A long-standing debate in the commercial stem cell arena has focused on whether stem cells grown in a lab prior to clinical use as a transplantation product are biological drugs subject to full FDA vetting. The alternative view has been that such stem cell products are not drugs, but rather are simple human cellular and tissue products.
That debate, at least operatively, would seem to be over with a ruling today by the federal D.C. Court of Appeals supporting the FDA position that stem cells grown in a lab are in fact drugs. The decision came on an appeal of a lower district court ruling in USA v. Regenerative Sciences case, which had also supported the FDA position.
Judge Griffith, writing for the majority of the Appeals Court:
GRIFFITH, Circuit Judge: In this civil enforcement action, we must decide whether the appellants—three individuals and a related corporate entity—violated federal laws regulating the manufacture and labeling of drugs and biological products by producing, as part of their medical practice, a substance consisting of a mixture of a patient’s stem cells and the antibiotic doxycycline. Because we conclude that they did, we affirm the district court’s judgment and the permanent injunction it entered against appellants.
The Court also described the Regenerative Sciences procedure:
The Procedure begins with the extraction of a sample of a patient’s bone marrow or synovial fluid. From that sample, Regenerative Sciences isolates mesenchymal stem cells (MSCs), which are capable of differentiating into bone and cartilage cells. The MSCs are then placed in a solution to culture them—that is, to cause them to divide and proliferate.
Other substances are sometimes added to the solution that affect the MSCs’ differentiation. The culturing process determines the growth and biological characteristics of the resulting cell population.
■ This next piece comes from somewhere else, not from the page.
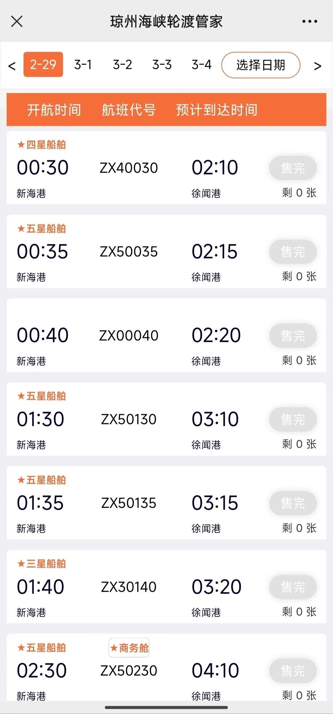 澎湃新聞?dòng)浾?7日上午查詢官方購(gòu)票平臺(tái)“瓊州海峽輪渡管家”發(fā)現(xiàn),實(shí)時(shí)數(shù)據(jù)顯示,海口新海港至徐聞港的新能源車輪渡票,2月17日至2月29日均已售罄。

When the MSCs are sufficiently numerous for re-injection, they are combined with doxycycline, an antibiotic obtained in interstate commerce and used to prevent bacterial contamination of the MSCs. The resulting mixture (the Mixture) is injected into the patient from whom the stem cell sample was initially taken, at the site of the damaged tissue.
In its ruling the Court emphasized it was not simply deferring to the FDA opinion on the matter, but made the ruling based on evidence.
I asked Dr. Chris Centeno, the leader of Regenerative Sciences, a few questions about his reaction to today’s ruling.
What’s your take on the ruling? Centeno: The DC Circuit agreed with the FDA’s position. Not much more to it.
Was it just a “yes/no” kind of situation or are there subtleties to what the court said? Centeno: They basically said that a physician producing what the FDA considers a drug (in our case culturing autologous MSCs) is subject to FDA federal drug rules and isn’t practicing medicine.
What’s next for Regenerative Sciences? Appeal to Supreme Court? What would that entail? Centeno: We will abide by their ruling as we have done since August of 2010. At that time we got our first written indication of a formal FDA position and we complied by no longer culturing cells at our Colorado medical practice. We will make every effort to continue to comply and we will not pursue appeal to the Supreme Court.
The ruling along with Dr. Centeno’s indication of there most likely being no further appeal would seem to cement as the law of the land that propagated stem cells, even when used in an autologous context, are drugs, particularly when mixed with other substances or in other ways more than minimally manipulated. This development confirms my #8 prediction for the stem cell field for 2014 and I support this ruling.